Hello Matthieu,
On Wed, Oct 30, 2024 at 03:45:02PM +0100, Matthieu Baerts wrote:
Hi Breno
30 Oct 2024 15:02:45 Breno Leitao leitao@debian.org:
The mptcp_sched_find() function must be called with the RCU read lock held, as it accesses RCU-protected data structures. This requirement was not properly enforced in the mptcp_init_sock() function, leading to a RCU list traversal in a non-reader section error when CONFIG_PROVE_RCU_LIST is enabled.
net/mptcp/sched.c:44 RCU-list traversed in non-reader section!!
Fix it by acquiring the RCU read lock before calling the mptcp_sched_find() function. This ensures that the function is invoked with the necessary RCU protection in place, as it accesses RCU-protected data structures.
Thank you for having looked at that, but there is already a fix:
https://lore.kernel.org/netdev/20241021-net-mptcp-sched-lock-v1-1-637759cf06...
This fix has even been applied in the net tree already:
https://git.kernel.org/netdev/net/c/3deb12c788c3
Did you not get conflicts when rebasing your branch on top of the latest version?
Oh, I was testing on Linus' tree when I got the problem, and net was not merged in Linus' tree yet.
Additionally, the patch breaks down the mptcp_init_sched() call into smaller parts, with the RCU read lock only covering the specific call to mptcp_sched_find().

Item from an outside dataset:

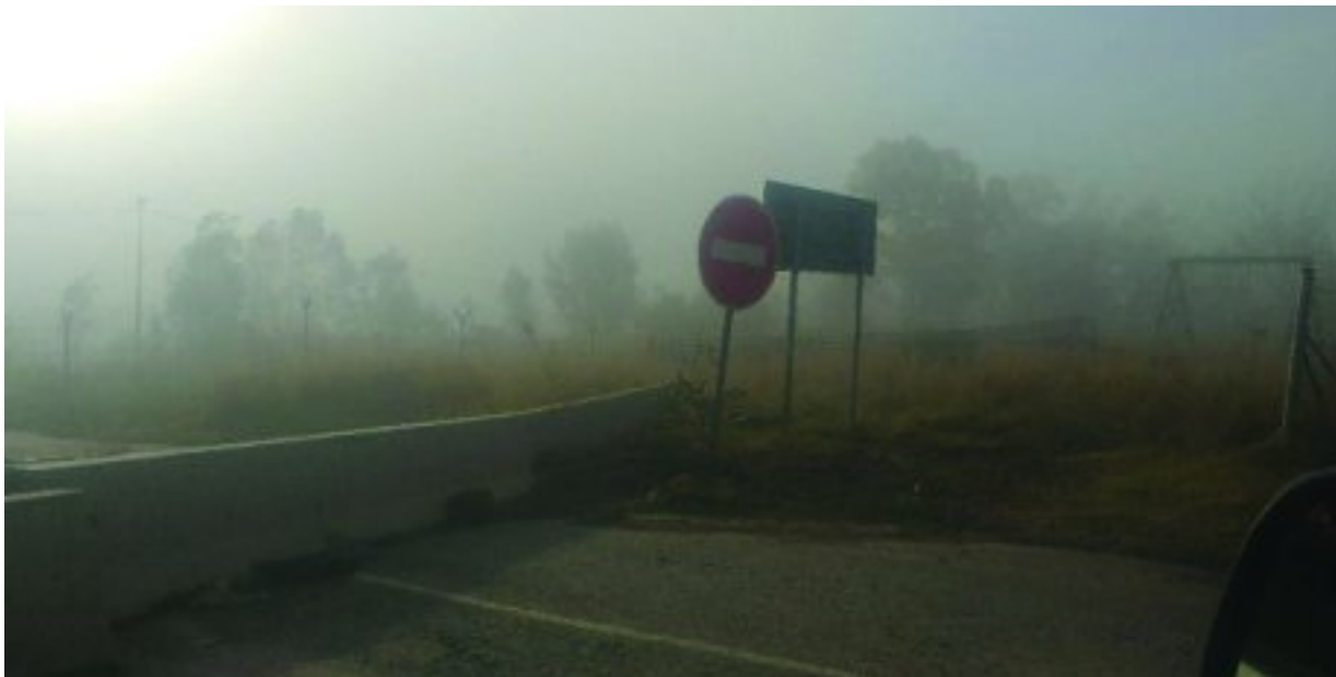
Dié foto is 5.30 nm op 28 Oktober in die rigting van die stasie geneem

This helps minimize the critical section, reducing the time during which RCU grace periods are blocked.
I agree with Eric (thank you for the review!): this creates other issues.
Let me comment there.
The mptcp_sched_list_lock is not held in this case, and it is not clear if it is necessary.
It is not needed, the list is not modified, only read with RCU.
Thanks